Il arriva chez le marchand de lignes ; il n’était pas à sa boutique, un voisin assura qu’il reviendrait dans un instant.
Maurice attendit, il ne fut de retour qu’au bout de vingt minutes.
— Monsieur, j’ai l’honneur de vous saluer, donnez-vous la peine de vous asseoir.
— Je vous remercie, je suis pressé.
— Je ne serai pas plus longtemps à servir monsieur quand il sera assis, et cela le reposera quelques instans.
— Que désire, monsieur ?
— Des lignes, probablement, puisque je viens dans votre boutique.
— La réponse de monsieur est infiniment juste ; si je demande cela à monsieur, c’est que je suis encore préoccupé de la cause qui me retenait dehors quand monsieur est arrivé. — Gardez donc votre chapeau. — Figurez-vous qu’un homme, il y a deux jours, entre ici. — Une bouteille de vin ! —Mon ami, lui dis-je poliment, ce n’est pas ici un cabaretier. —Je ne suis pas ton ami, me dit-il ; le seul ami de l’homme, c’est le bon vin, donne-m’en.
— Mon cher monsieur, repris-je, toujours très poliment, faites-moi le plaisir de regarder autour de vous, vous verrez que je suis fabricant de lignes et non pas marchand de vin.
— Alors, me dit-il, pêche-moi un poisson et accommode-moi-le.
— Mon cher monsieur, dis-je, faites-moi le plaisir de passer votre chemin ; dans l’état où vous êtes, vous serez mieux au lit que partout ailleurs.
— Mon état vaut cent fois mieux que celui d’un malheureux marchand de lignes.
Je voulus le mettre à la porte ; il me frappa, et aujourd’hui, je l’ai fait paraître chez le juge ; il ira huit jours en prison.
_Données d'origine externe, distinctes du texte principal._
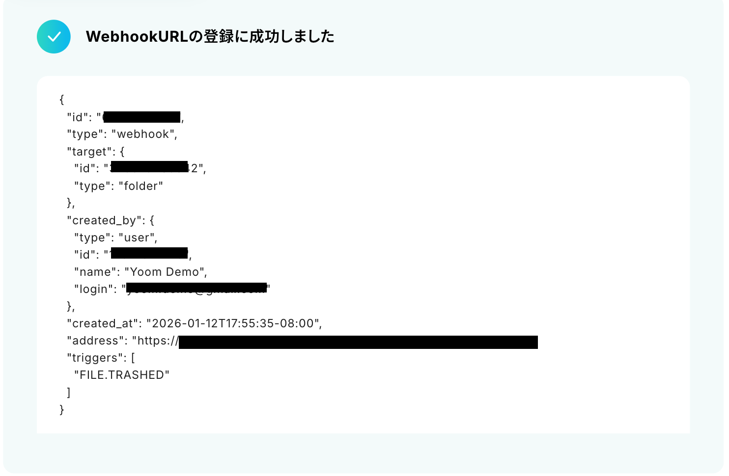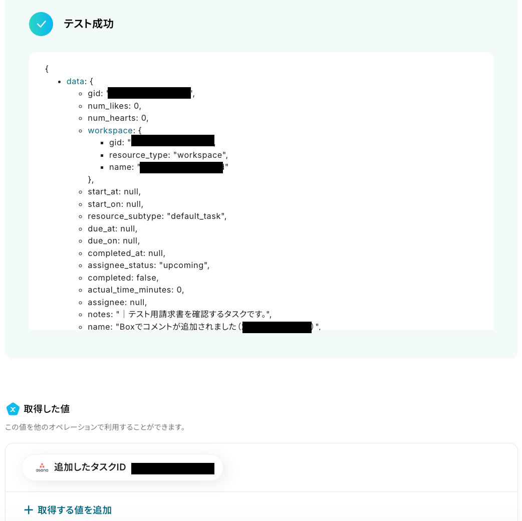 Boxのトリガー設定では、通知を監視したい特定のフォルダのコンテンツIDを任意で設定してください Asanaでタスクを追加する設定では、タスクを登録したいプロジェクトIDやセクションIDを任意で設定してください また、タスクのタイトルや詳細は、Boxのトリガーから取得した情報や生成した値などを活用して設定します ■注意事項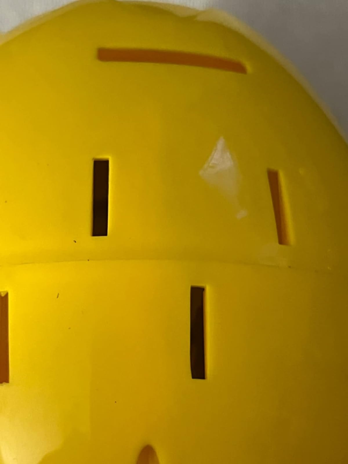 At the back of the egg there a hole made on purpose as the egg has possibility to be a piggy bank.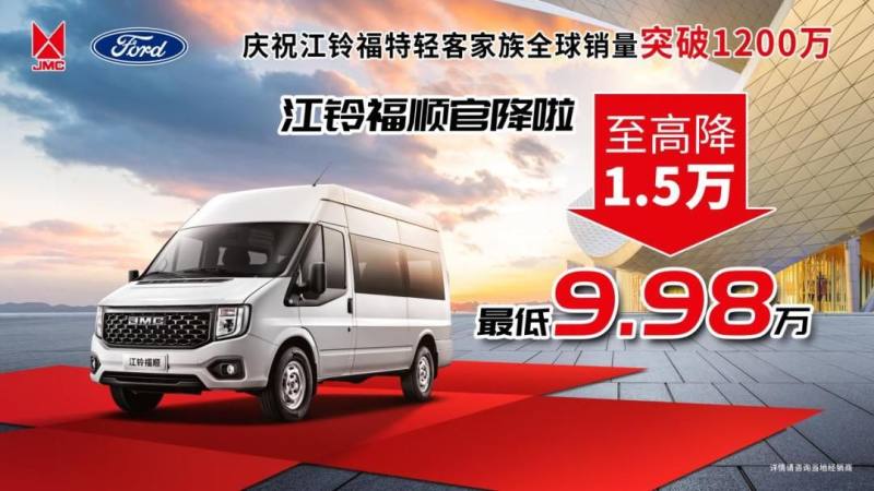 在江铃福特轻客全球销量突破1200万辆这一历史性事件来临之际,为了回馈1200万用户的支持与信任,江铃福顺官方直降至高1.5万元,让用户能够以更高性价比购买到心仪的产品。如今购买江铃福顺产品的用户可以享受三大福利,8万2年0息:即购买指定款式的江铃福顺产品,并选择分期付款方式时,在首付8万元后可享受2年0息金融服务;动力总成终身质保:即购买任意款式的江铃福顺产品后可享受动力总成终身质保服务;价格 9.98万起:即购买指定款式的江铃福顺产品时可享受 9.98万元起的超低价格。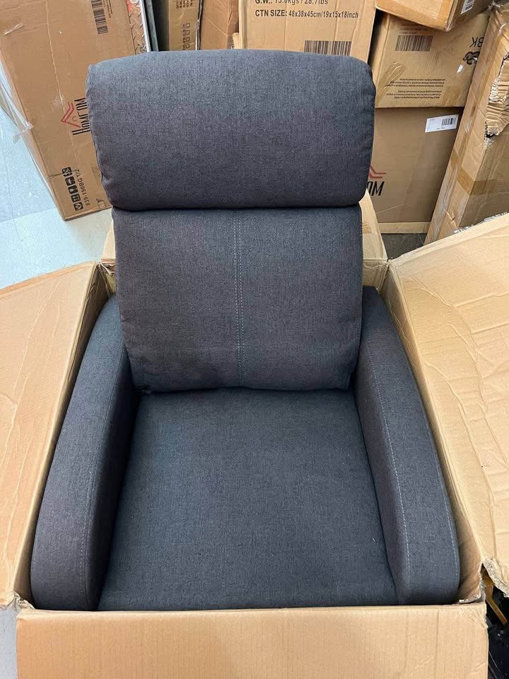 Manual Recliner Chair – Dark Grey | Comfortable, Stylish, and Durable Original price 350+taxes Condition: New Key Highlights: Maximum capacity 120 kg (Around 275lb) • Reclines manually for smooth comfort • Plush cushioning and cozy upholstery • Strong frame supports everyday use • Neutral dark grey matches any home décor • Perfect for living room, basement, or office Pickup in Scarborough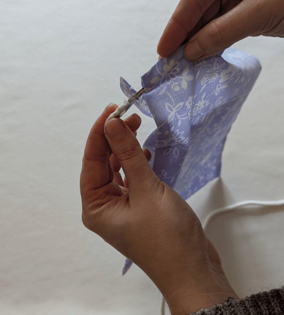 A l’aide d’une épingle à nourrice ou d’un enfileur, passer un premier cordon dans une des glissières et faites le ressortir par l’autre glissière. Faire un nœud pour bloquer le cordon.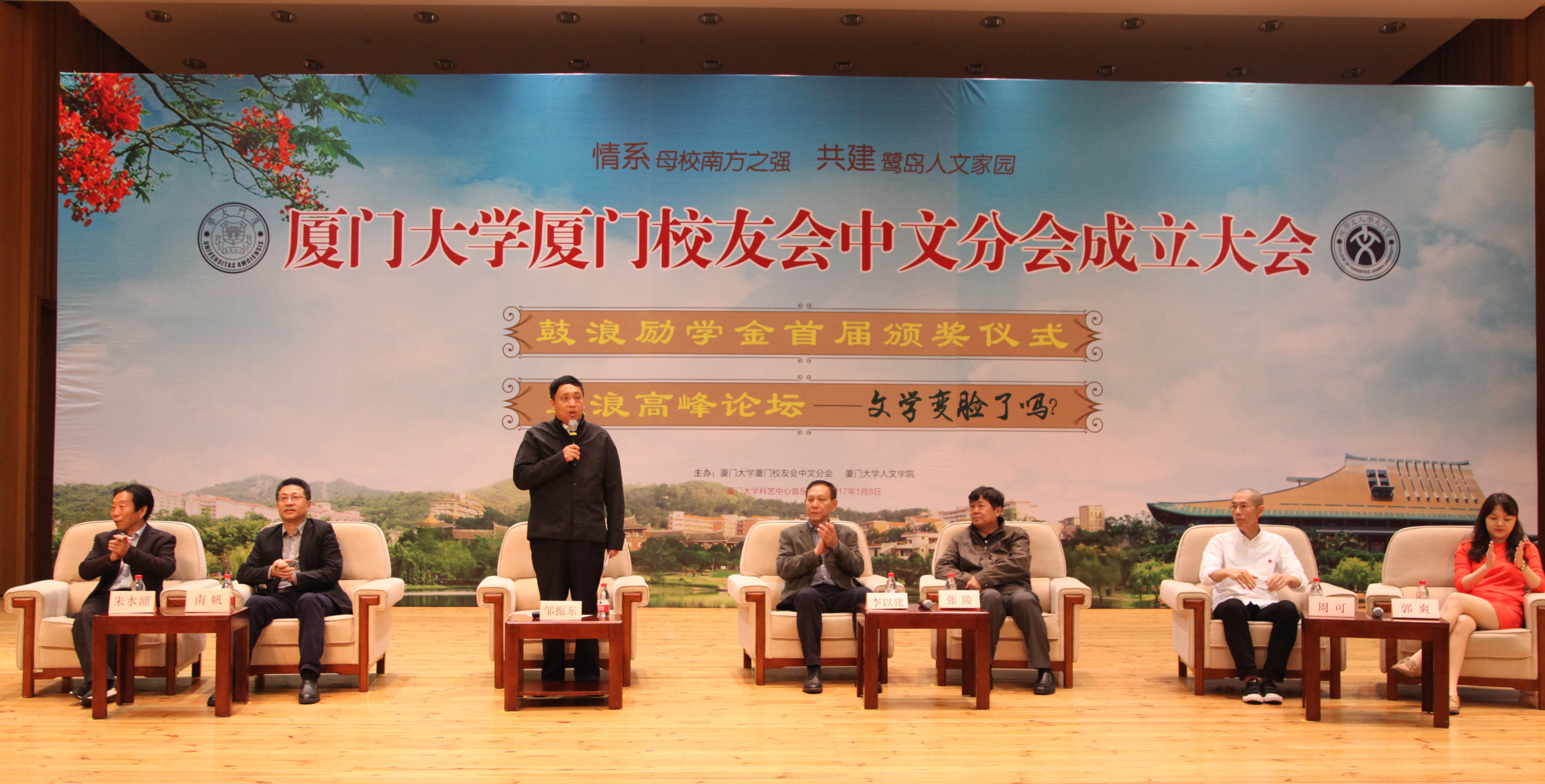 此外,继厦门大学厦门校友会中文分会成立大会结束后举办的“鼓浪高峰论坛”是当天活动的另一大亮点。此次论坛由新闻传播学院特聘教授邹振东主持,本次论坛汇聚了福建省政协副主席、省文联主席、省社科院院长、教授、著名作家、文学评论家南帆,厦门大学中文系教授、著名文学评论家朱水涌,金庸秘书,著名金庸研究专家、文学评论家李以建,著名文学评论家张陵,华南理工大学教师、《新周刊》杂志副主编、新周刊(广州)新媒体发展有限公司执行总裁周可以及著名作家郭爽等多位文坛大咖。这些中文系校友围绕“文学变脸了吗”这一主题,从诺贝尔文学奖说起,探讨了当代文学的新变化、大学尤其是中文系是否以培养作家为目标、作家与金钱之间的关系、中文系是否依然会存在等问题。论坛嘉宾时而成竹在胸、高谈论阔,时而若有所思、娓娓而谈,时而妙语连珠、语惊四座,各嘉宾对文学与人生的理解,引发校友对文学的深刻思考。这场关于文学主题的论坛在新年之际注定是一场震撼心灵的文学盛宴,也必将为文学的世界打开一扇更加明媚的希望之窗。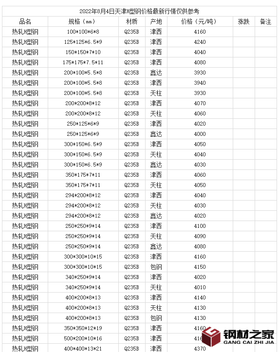 2022年8月4日天津H型钢价格最新行情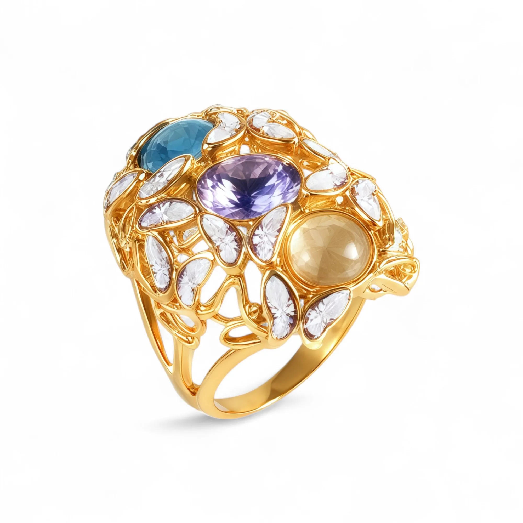 Vintage Multi-Gemstone Textured 24K Gold PVD Stainless Steel Titanium Women’s Ring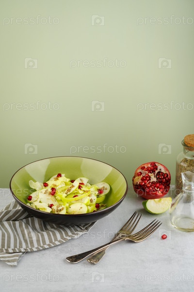 Зеленый салат со свежими овощами и фруктами. Салат из зеленого яблока и зеленого перца с зернами граната в зеленой тарелке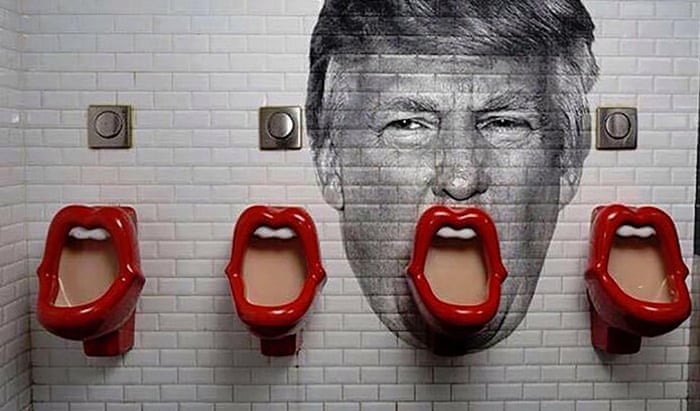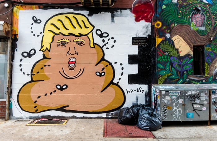 Donald Trump tightened his grip on the Republican race Tuesday night, forcing Marco Rubio to suspend his campaign and further establishing his enduring presence in the 2016 election. His presence is enduring elsewhere – the New York billionaire has commissioned several portraits of himself hanging in buildings he owns. But artists like Hanksy and Illma Gore have also produced less flattering versions of the Donald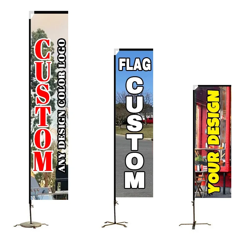 Rektangel strandflag, Flad topflag, med rektangulær form, også kendt som Block flag, Edge flag eller Telescopic flag, det kan få flaget til at blive vist smukt når som helst. Rektangelflag har et større udskrivbart område end dråbeflag eller fjerflag, velegnet til marketingbudskaber og branding.
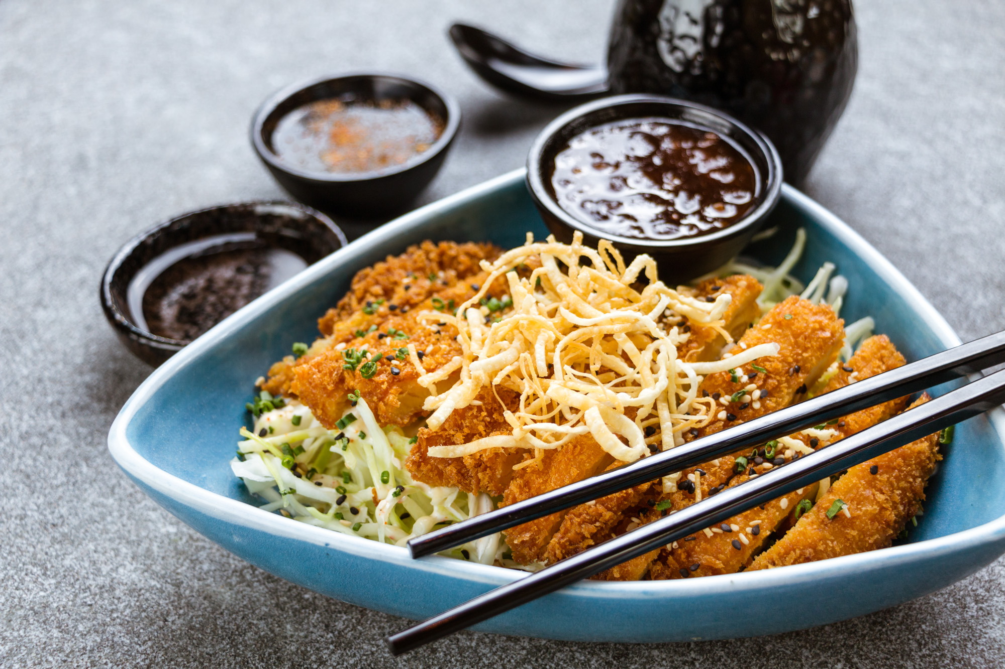150 g, De pechuga de pollo al panko 150 g, col, gohan, salsa tonkatsu.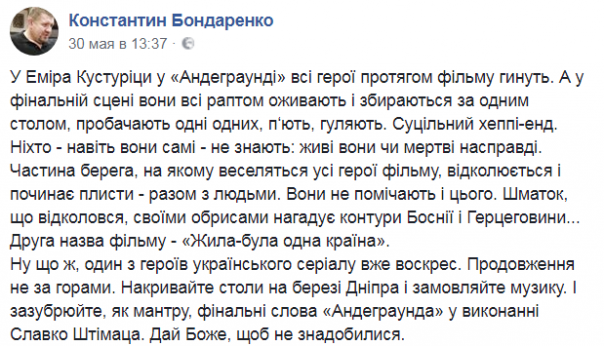 Ну что же, один из героев украинского сериала уже воскрес. Продолжение не за горами. Накрывайте столы на берегу Днепра и заказывайте музыку. И зазубривайте, как мантру, финальные слова «Андеграунда» в исполнении Слава Штимаца. Дай Бог, чтобы не понадобились".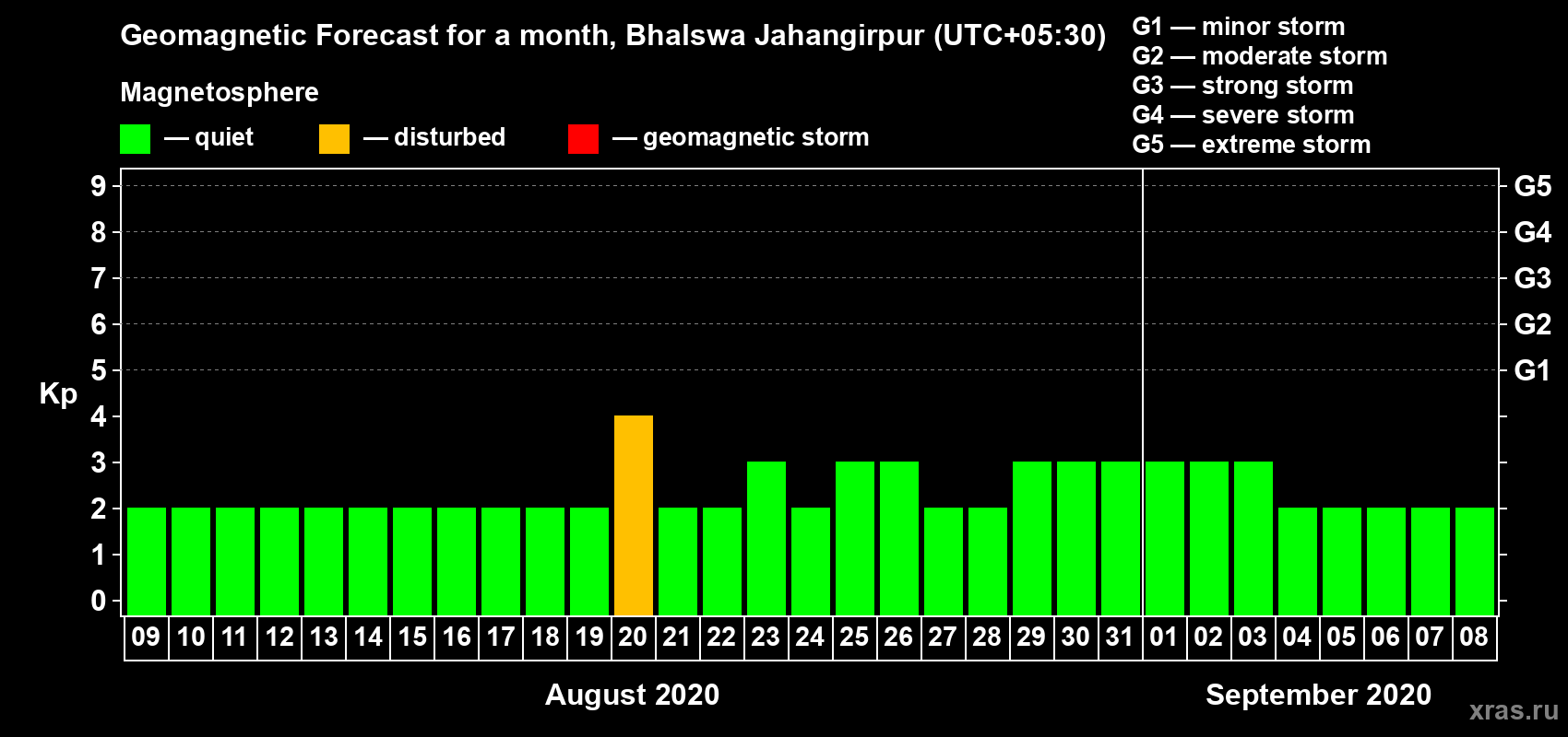 Geomagnetic activity forecast in Bhalswa Jahangirpur — Aug 09, 2020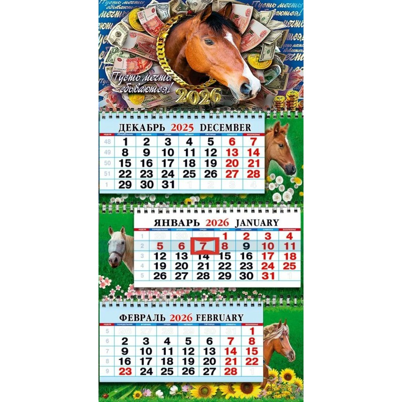 Календарь Квартальный средний символ года 2026 г 245х470 мм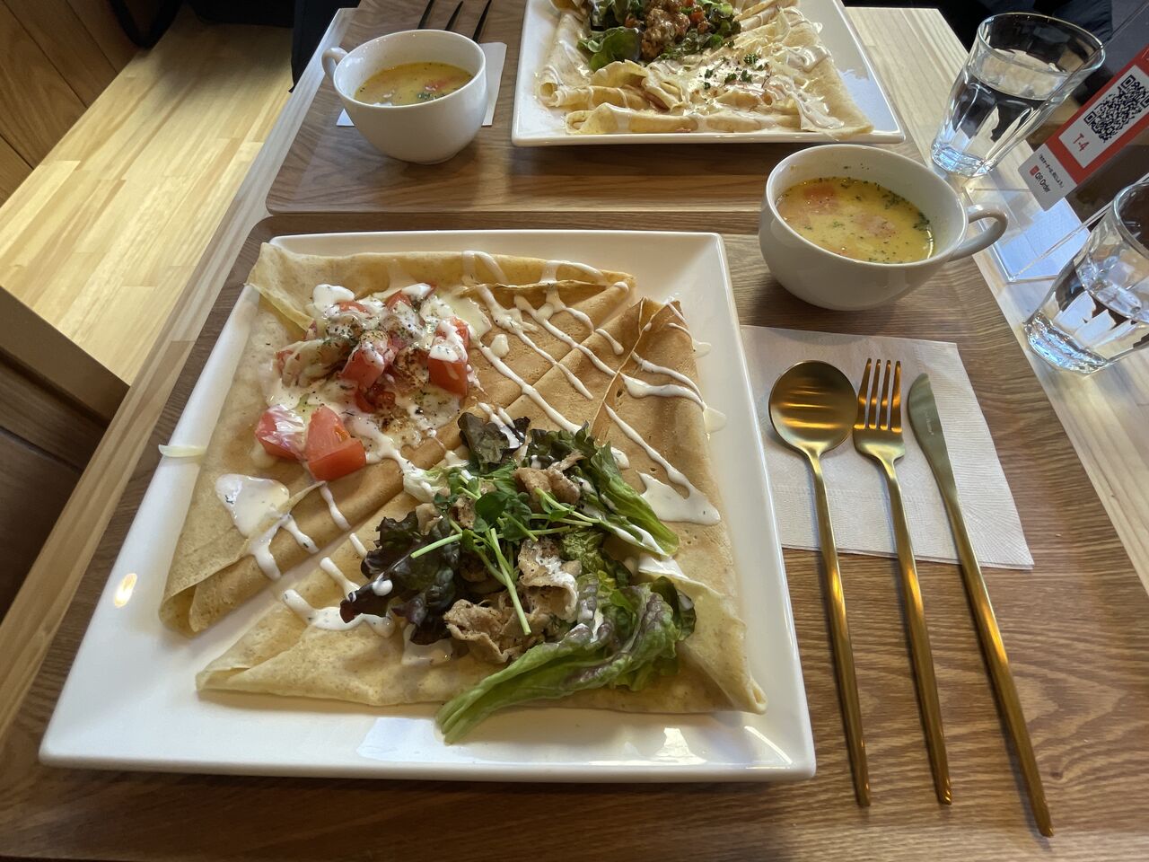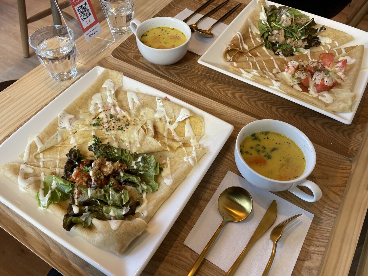 クレープ2種と日替わりスープ。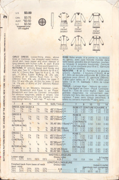 Butterick 3042 Sewing Pattern, Girls' Dress, Size 12-14, Partially Cut, Complete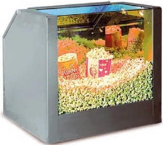 • система кондиционирования внутреннего пространства витрины позволяет поддерживать попкорн в постоянно подогретом состоянии, при этом он не теряет свежести и не слеживается
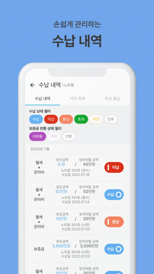 - 보증금, 월세, 관리비 상태 관리 (수납 / 미납 / 부분수납 / 초과수납 / 예정액과 다른 금액을 수납했지만 수납완료처리 등)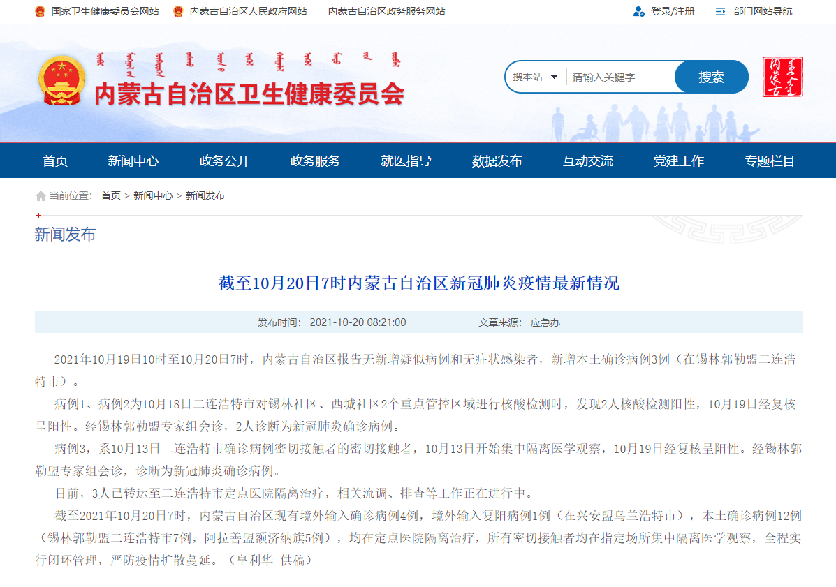 人民網呼和浩特10月20日電(趙夢月) 內蒙古自治區衛生健康委員會通報,2021年10月19日10時至10月20日7時,內蒙古自治區報告無新增疑似病例和無癥狀感染者,新增本土確診病例3例(在錫林郭勒盟二連浩特市)。

C’est un vice bien honteux…
— Monsieur, dit Maurice, obligez-moi de me servir un peu vite, je suis extrêmement pressé.
— Quelles lignes désire monsieur ?
— C’est une commission, et l’on ne m’a pas donné d’autres explications.
— Ceci devient embarrassant ; car nous avons :
Les lignes à un et à plusieurs crins ;
Les lignes en soie ;
Les lignes en racine ;
Les lignes en corde ;
Les lignes en laiton ;
Sans parler de trois cent trente hameçons différens.
Je vais cependant vous donner le genre de lignes qui s’applique au plus grand nombre de poissons possible. Le grand défaut de la plupart des pêcheurs est de s’exagérer la force nécessaire aux hameçons ; avec les hameçons des lignes que je vais vous donner, on prendra :
Des ablettes ;
Des éperlans ;
Des goujons ;
Des perches ;
Des barbillons ;
Des gardons.
Avec des hameçons pas plus gros, moi qui vous parle, j’ai pris une tanche, dont voici, au fond de ma boutique, le portrait d’après nature par un peintre de mes amis. C’est un garçon de talent et d’esprit, qui vient de faire un excellent mariage, c’est une histoire fort bizarre. Un jour il se rendait chez un parent…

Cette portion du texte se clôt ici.